:: Exercise details ::
What you submit must be an exact copy of the listing below, with no images in it.
========
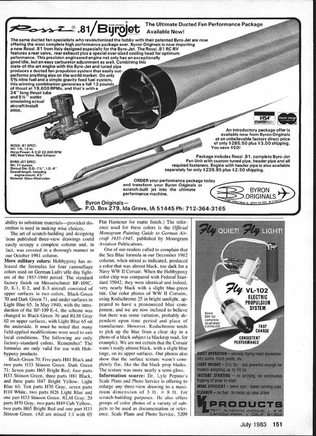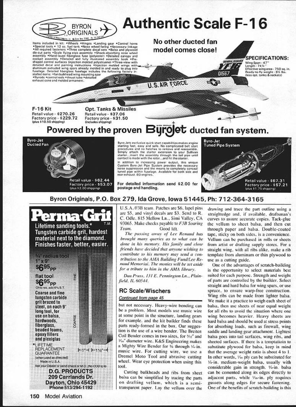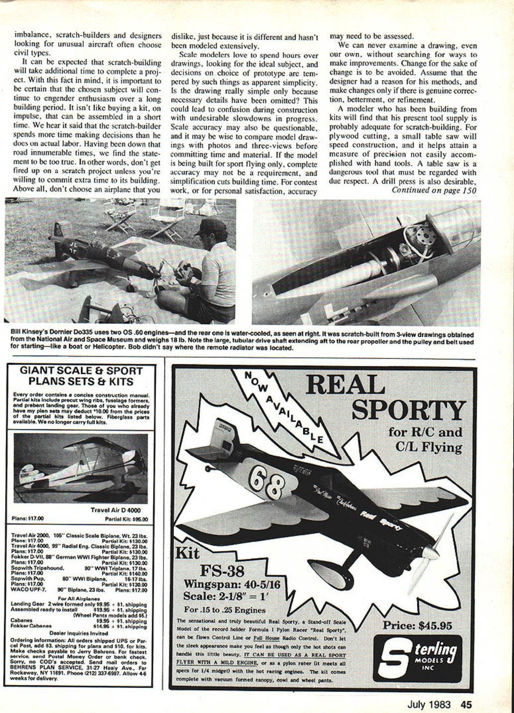 Radio Control SCALE Bob & Dolly Wischer SCRATCH-BUILDING term scratch differs meaning among model ers depending upon degree originality required complete project some extensive modification kit qualifies scratch-building other end scale modeler may go extremes orig inating drawings measurement prot6type before designing building model between two types builders us build drawings supplied plans services magazines Kit builders ready venture scratch-building first time need bit encouragement Building plans can lead modelers desire develop own plans route hobby acquires new designers first attempt scratch-building Scale model came result dissat isfaction kit 50 years ago knowing about three-view drawings almost nonexistent time model designed photos found book Standard Oil Co Indiana showing excellent side front top views Laird LCB biplane flight Know ing basic dimensions span length model designed photos Short comings method lack cross sections fuselage airfoil Laird rather simple airplane rectangular fuselage section rounded turtle deck model actually re sembled prototype use photos make model draw ings remains viable expedient now acquired knowledge camera techniques can produce accurate drawings need spend hours measuring actual airplane Long-focal-length lenses necessity avoid distortion Direct top bottom views impossibility course modelers imagination fills missing portions Working photos has brought up status fine art some modelers Being capable working such minimum sources need no help model have contestquality scale accuracy average builder would wise start reliable threeview published model construction draw ings least five types scratchbuilders 1 Kit modifiers 2 Builders published model construction drawings 3 Designers construction drawings published three-views 4 Designers original factory construction drawings diffi cult acquire 5 Designers measure prototypethe ultimate scratch-builders sweat tears Extent motivation will determine course follow Probably 95% scratch Scale models originate type No 2 immense quantity drawings available certainly path least resistance magazines offer lists drawings advertised plans services augment total published master list has 1600 Scale plans however heavy emphasis WW II planes civil types havent extensively modeled ex cept ubiquitous Cub Because 44 Model Aviation Mal Gatford modified Dively kit build Grumman TBF Avenger Model spans 81 weighs 15 lb uses 14 ci Rhino engine Finish Poly S paint over K&B primer torpedo doors open model emits machine gun sound effects Bill Kleinhans built Aeronca C-3 Balsa USA kit An OS fourstroke 60 powers 1 1-tb beauty Covering polyester fabric finish nitrate dope just like real Bob seems like models Emeraude Dick Konkle 1/3-scale rendition powered Quadra Seen 82 Mint Julep Benny Howard Ike racer trom Paul Malls Historical Aviation Album draw ings Jim Petrezka Displayed Chicago Expo imbalance scratch-builders designers looking unusual aircraft often choose civil types can expected scratch-building will take additional time complete proj ect fact mind important certain chosen subject will con tinue engender enthusiasm over long building period isnt like buying kit impulse can assembled short time hear said scratch-builder spends time making decisions does actual labor Having down road innumerable times find state ment too true other words dont get fired up scratch project unless youre willing commit extra time its building Above dont choose airplane dislike just because different hasnt modeled extensively Scale modelers love spend hours over drawings looking ideal subject decisions choice prototype tem pered such things apparent simplicity drawing really simple because necessary details have omitted could lead confusion during construction undesirable slowdowns progress Scale accuracy may also questionable may wise compare model draw ings photos three-views before committing time material model being built sport flying complete accuracy may requirement simplification cuts building time contest work personal satisfaction accuracy may need assessed can never examine drawing own searching ways make improvements Change sake change avoided Assume designer reason methods make changes genuine correc tion betterment refinement modeler has building kits will find present tool supply probably adequate scratch-building plywood cutting small table saw will speed construction helps attain measure precision easily accom plished hand tools table saw dangerous tool must regarded due respect drill press also desirable Continued page 150 July 1983 45 Bill Kinseys Dornier Do335 uses two OS 60 enginesand rear water-cooled seen right scratch-built 3-view drawings obtained National Air Space Museum weighs 18 lb Note large tubular drive shaft extending aft rear propeller pulley belt used startinglike boat Helicopter Bob didnt say remote radiator located GIANT SCALE & SPORT PLANS SETS & KITS order contains concise construction manual Partial kits include precut wing ribs fuselage formers prebent landing gear already have plan sets may deduct 1000 prices partial kits listed below Fiberglass parts available no longer carry full kits Plans $1700 Travel Air 2000 105 classic Scale Biplane Wt 23 lbs Plans $1700Partial Kit $13000 Travel Air 4000 99 Radial Eng classic Biplane 23 lbs Plans $1700 Partial Kit $13000 Fokker DVII 99 German WWI Fighter Biplane 23 lbs Plans $1700Partial Kit $13000 Sopwith Tripehound80 WWI Triplane 17 lbs Plans $1700Partial Kit $14000 Sopwith Pup80 WWI Biplane16-17 lbs Plans $1700 Partial Kit $13000 WACO UPF790 Biplane 23 lbsPlans $1700 Airplanes Landing Gear 2 wire formed $995 hipping Assembled ready install $1995 hipping lWheel Pants models add $51 Cabanas $995 hipping Fokker Cabanas $1495 hipping Dealer Inquiries Invited Ordering information orders shipped UPS Par cel Post add $3 shipping plans $10 kits Make checks payable Jerry Behrens fastest service send Postsl Money Order bank check Sorry no CODs accepted Send mai
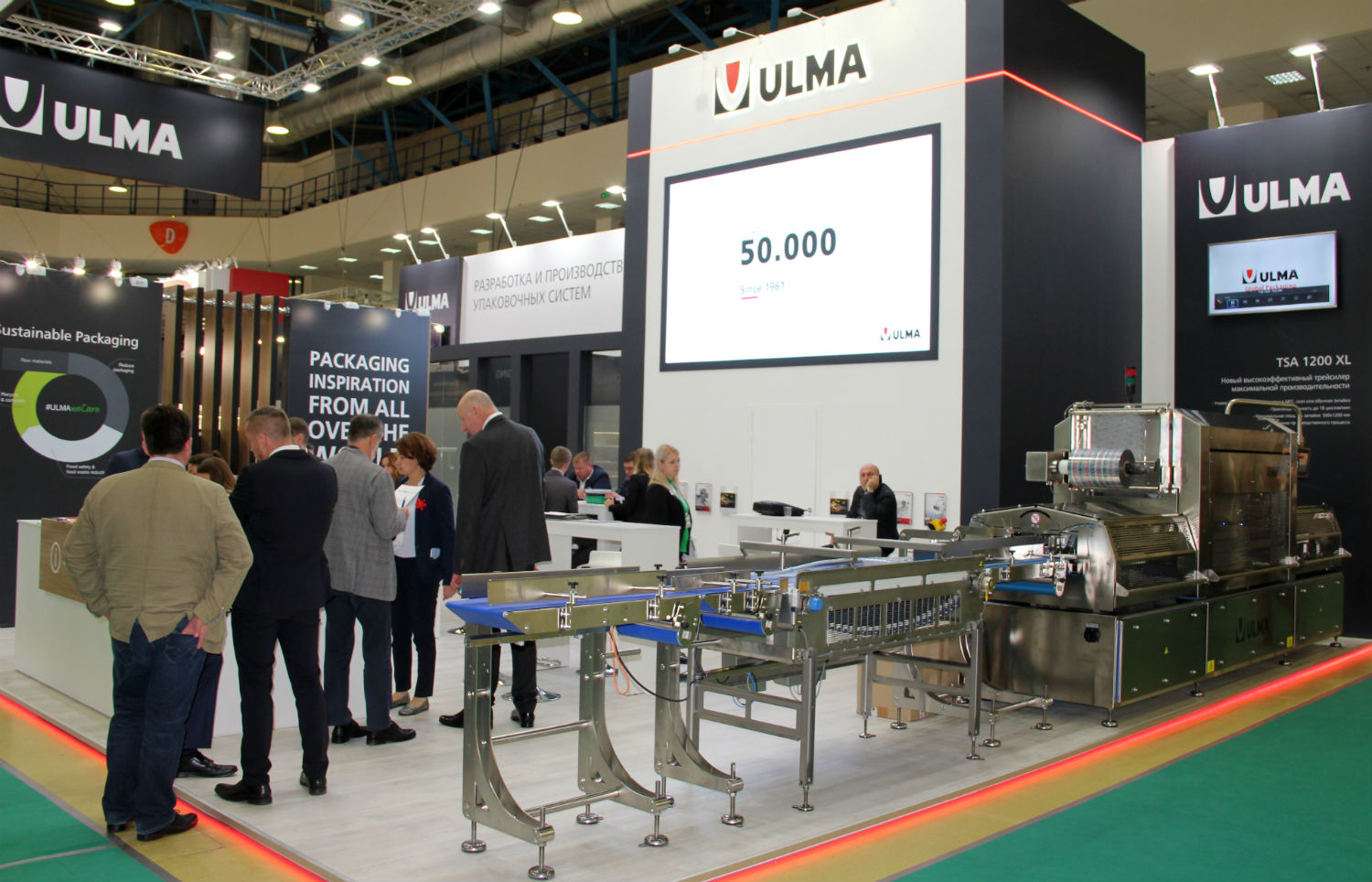 Количеством и качеством образцов порадовала международная компания Ulma (центр в Испании), имевшая два крупных и хорошо укомплектованных экспонатами стенда: в 1-м и 2-м павильонах. Экспонаты не могли не вызвать внимания и уважения. На стенде в 1 павильоне демонстрировался автоматический трейсилер (запайщик лотков с применением при упаковывании газов) модели TSA 1200 XL. Производительность – до 20 циклов в минуту. Вызывают уважение максимально возможные размеры запаиваемых лотков: 500×1200 мм.
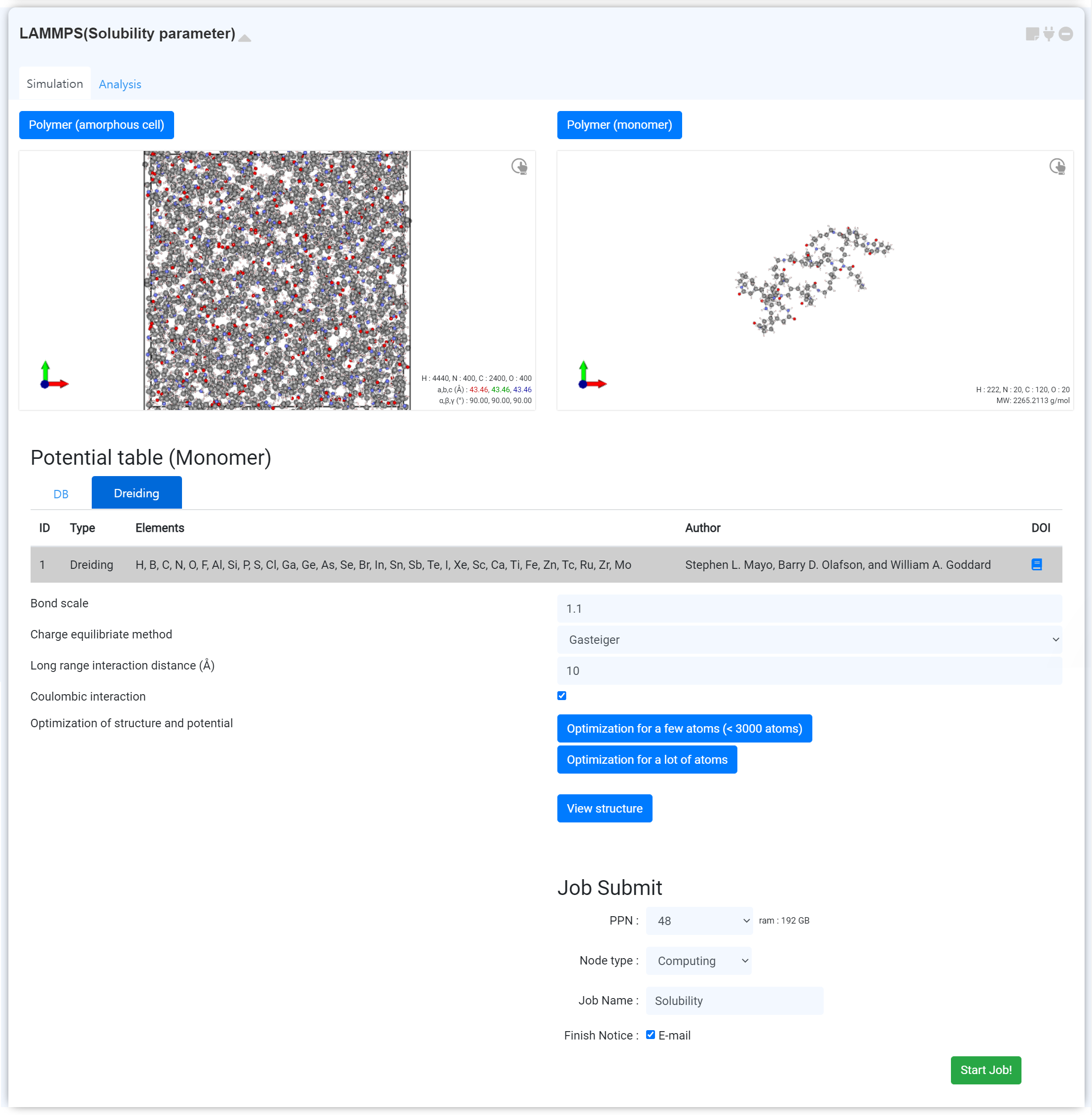 - Select the appropriate potential for the system. 'Dreiding' is the default.
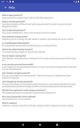 لتخزين بياناتك الشخصية (مثل كلمات المرور وأرقام الحسابات والملاحظات وغيرها بشكل آمن في هاتفك المحمول. هذا التطبيق لا يستخدم الإنترنت. لذلك لا تقلق بشأن بياناتك. لن تسرق.
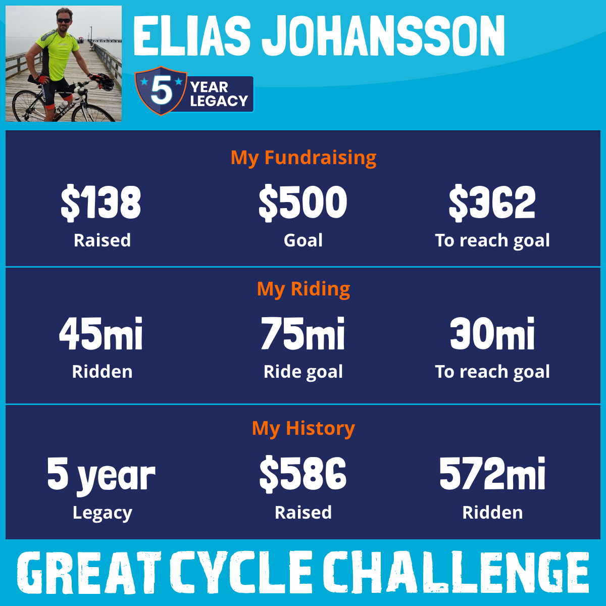 45 mi Ridden$138 Raised2025
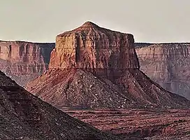 This isolated butte is an erosional remnant composed of Permian Kaibab Limestone and Coconino Sandstone.[4] This sandstone, which is the third-youngest stratum in the Grand Canyon, was deposited 265 million years ago as sand dunes. According to the Köppen climate classification system, Mount Sinyella is located in a Cold semi-arid climate zone.[5]
========
:: Finished exercise ::
 Radio Control SCALE Bob & Dolly Wischer SCRATCH-BUILDING term scratch differs meaning among model ers depending upon degree originality required complete project some extensive modification kit qualifies scratch-building other end scale modeler may go extremes orig inating drawings measurement prot6type before designing building model between two types builders us build drawings supplied plans services magazines Kit builders ready venture scratch-building first time need bit encouragement Building plans can lead modelers desire develop own plans route hobby acquires new designers first attempt scratch-building Scale model came result dissat isfaction kit 50 years ago knowing about three-view drawings almost nonexistent time model designed photos found book Standard Oil Co Indiana showing excellent side front top views Laird LCB biplane flight Know ing basic dimensions span length model designed photos Short comings method lack cross sections fuselage airfoil Laird rather simple airplane rectangular fuselage section rounded turtle deck model actually re sembled prototype use photos make model draw ings remains viable expedient now acquired knowledge camera techniques can produce accurate drawings need spend hours measuring actual airplane Long-focal-length lenses necessity avoid distortion Direct top bottom views impossibility course modelers imagination fills missing portions Working photos has brought up status fine art some modelers Being capable working such minimum sources need no help model have contestquality scale accuracy average builder would wise start reliable threeview published model construction draw ings least five types scratchbuilders 1 Kit modifiers 2 Builders published model construction drawings 3 Designers construction drawings published three-views 4 Designers original factory construction drawings diffi cult acquire 5 Designers measure prototypethe ultimate scratch-builders sweat tears Extent motivation will determine course follow Probably 95% scratch Scale models originate type No 2 immense quantity drawings available certainly path least resistance magazines offer lists drawings advertised plans services augment total published master list has 1600 Scale plans however heavy emphasis WW II planes civil types havent extensively modeled ex cept ubiquitous Cub Because 44 Model Aviation Mal Gatford modified Dively kit build Grumman TBF Avenger Model spans 81 weighs 15 lb uses 14 ci Rhino engine Finish Poly S paint over K&B primer torpedo doors open model emits machine gun sound effects Bill Kleinhans built Aeronca C-3 Balsa USA kit An OS fourstroke 60 powers 1 1-tb beauty Covering polyester fabric finish nitrate dope just like real Bob seems like models Emeraude Dick Konkle 1/3-scale rendition powered Quadra Seen 82 Mint Julep Benny Howard Ike racer trom Paul Malls Historical Aviation Album draw ings Jim Petrezka Displayed Chicago Expo imbalance scratch-builders designers looking unusual aircraft often choose civil types can expected scratch-building will take additional time complete proj ect fact mind important certain chosen subject will con tinue engender enthusiasm over long building period isnt like buying kit impulse can assembled short time hear said scratch-builder spends time making decisions does actual labor Having down road innumerable times find state ment too true other words dont get fired up scratch project unless youre willing commit extra time its building Above dont choose airplane dislike just because different hasnt modeled extensively Scale modelers love spend hours over drawings looking ideal subject decisions choice prototype tem pered such things apparent simplicity drawing really simple because necessary details have omitted could lead confusion during construction undesirable slowdowns progress Scale accuracy may also questionable may wise compare model draw ings photos three-views before committing time material model being built sport flying complete accuracy may requirement simplification cuts building time contest work personal satisfaction accuracy may need assessed can never examine drawing own searching ways make improvements Change sake change avoided Assume designer reason methods make changes genuine correc tion betterment refinement modeler has building kits will find present tool supply probably adequate scratch-building plywood cutting small table saw will speed construction helps attain measure precision easily accom plished hand tools table saw dangerous tool must regarded due respect drill press also desirable Continued page 150 July 1983 45 Bill Kinseys Dornier Do335 uses two OS 60 enginesand rear water-cooled seen right scratch-built 3-view drawings obtained National Air Space Museum weighs 18 lb Note large tubular drive shaft extending aft rear propeller pulley belt used startinglike boat Helicopter Bob didnt say remote radiator located GIANT SCALE & SPORT PLANS SETS & KITS order contains concise construction manual Partial kits include precut wing ribs fuselage formers prebent landing gear already have plan sets may deduct 1000 prices partial kits listed below Fiberglass parts available no longer carry full kits Plans $1700 Travel Air 2000 105 classic Scale Biplane Wt 23 lbs Plans $1700Partial Kit $13000 Travel Air 4000 99 Radial Eng classic Biplane 23 lbs Plans $1700 Partial Kit $13000 Fokker DVII 99 German WWI Fighter Biplane 23 lbs Plans $1700Partial Kit $13000 Sopwith Tripehound80 WWI Triplane 17 lbs Plans $1700Partial Kit $14000 Sopwith Pup80 WWI Biplane16-17 lbs Plans $1700 Partial Kit $13000 WACO UPF790 Biplane 23 lbsPlans $1700 Airplanes Landing Gear 2 wire formed $995 hipping Assembled ready install $1995 hipping lWheel Pants models add $51 Cabanas $995 hipping Fokker Cabanas $1495 hipping Dealer Inquiries Invited Ordering information orders shipped UPS Par cel Post add $3 shipping plans $10 kits Make checks payable Jerry Behrens fastest service send Postsl Money Order bank check Sorry no CODs accepted Send mai
 Количеством и качеством образцов порадовала международная компания Ulma (центр в Испании), имевшая два крупных и хорошо укомплектованных экспонатами стенда: в 1-м и 2-м павильонах. Экспонаты не могли не вызвать внимания и уважения. На стенде в 1 павильоне демонстрировался автоматический трейсилер (запайщик лотков с применением при упаковывании газов) модели TSA 1200 XL. Производительность – до 20 циклов в минуту. Вызывают уважение максимально возможные размеры запаиваемых лотков: 500×1200 мм.
 - Select the appropriate potential for the system. 'Dreiding' is the default.
 لتخزين بياناتك الشخصية (مثل كلمات المرور وأرقام الحسابات والملاحظات وغيرها بشكل آمن في هاتفك المحمول. هذا التطبيق لا يستخدم الإنترنت. لذلك لا تقلق بشأن بياناتك. لن تسرق.
 45 mi Ridden$138 Raised2025
 This isolated butte is an erosional remnant composed of Permian Kaibab Limestone and Coconino Sandstone.[4] This sandstone, which is the third-youngest stratum in the Grand Canyon, was deposited 265 million years ago as sand dunes. According to the Köppen climate classification system, Mount Sinyella is located in a Cold semi-arid climate zone.[5]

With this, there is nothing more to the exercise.